While the past few months have created major setbacks and challenges for most cities' economies, Idaho Falls has proven to have a recipe for economic stability despite the pandemic.
Idaho Falls has recently received recognition for their ability to thrive, despite national economic turmoil, as evidenced in their significant population growth, local unemployment rates of 3.6 percent (which are some of the nation's lowest), and a thriving real estate market.
One of the factors contributing to the city's growth is the low cost of living. Out of state buyers drawn to the area are able to pay above asking price, due to comparatively low costs. As mentioned in Governing's article, "The city’s vacancy rate for [residential] rentals is actually negative; people are signing leases on units that haven’t been built yet."

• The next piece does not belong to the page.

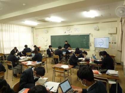 9年生の国語で、語句の意味調べを一人一台端末をつかって行う取り組みがありました。班で協力して、たくさんの語句の意味を確認していました。

Another major pillar of Idaho Falls' unwavering economy is its diverse business environment. Their 0.93 rating on the employment entropy index (on a scale of 0 to 1) speaks to the area's economic diversity, which has aided in its resilience. The community is led by its health care, science, retail and manufacturing industries. Idaho Falls' largest employer, Idaho National Laboratory, is not only the nation's leading nuclear research center and currently growing by up to 1,500 workers but has allowed for a number of technology companies to thrive in the area. Idaho Falls also boasts strong medical and manufacturing industries, and is home to Eastern Idaho Regional Medical Center, food manufacturers, and Melaleuca, a huge online wellness shopping club.
Idaho Falls is proving that large population metros are not necessarily better equipped to seize market opportunities. “Our economic outlook for the next 24 months in southeast Idaho is really strong,” says Renee Spurgeon, president of the Greater Idaho Falls Association of Realtors.